Lumberyard, Amazon’s free-to-use triple-A game engine, just entered beta 1.5, adding over 200 improvements, features and fixes. 

It’ll be interesting to see if we start getting Lumberyard titles in our list of upcoming PC games.

First up, a bunch of in-preview systems have been updated. The particle editor, for example, now includes custom attribute panels that will let you drag and drop the attributes you most use from a UI panel, setting it up for easy re-use.

Developers also now have finite control over optimising the particle editor’s visual effects based on camera distance, using a bit of smoke and mirrors to increase performance.

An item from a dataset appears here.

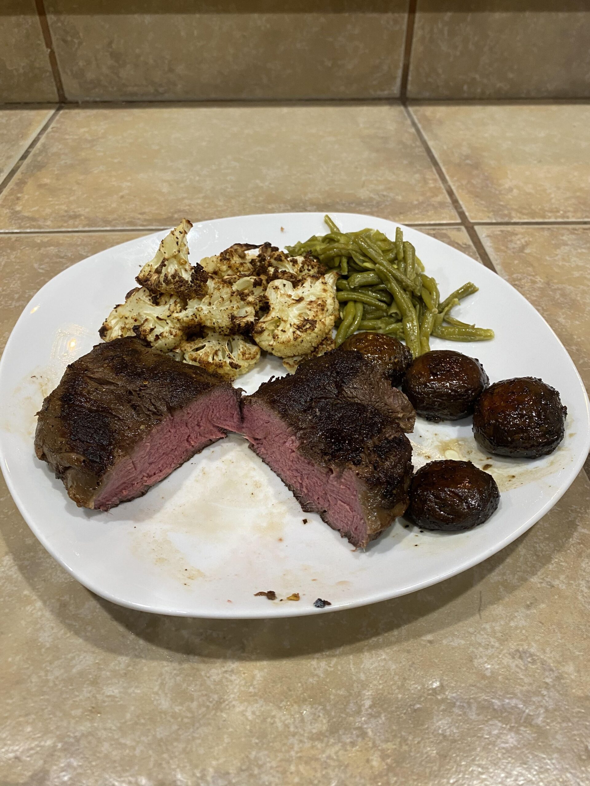 132 degrees for 4 hours from frozen. Finished with ghee in cast iron.

Elsewhere, the component entity system now provides a modular and more intuitive method for constructing game and engine elements, so developers can build faster and create more complex behaviours. According to the update, “the component entity system employs reflection, serialisation, and messaging using the Lumberyard event bus (EBus) to automatically expose features of components to designers – no additional engineering required.”

As for completely new features, the Lumberyard asset builder SDK makes its debut in beta 1.5. “Many of our customers build custom tools that require specialised assets types,” say Amazon. “Often times, these tools help developers differentiate their games, or enable their team of experts to work faster. For example, one developer we talked to uses .EPS from Adobe Illustrator to quickly generate sidescroller levels.

“This SDK enables you to use the asset processor to track, reload, automatically rebuild, and process any assets your game or in-house tools require.”

There’s a bunch of other stuff, along with much more detail, in the official post.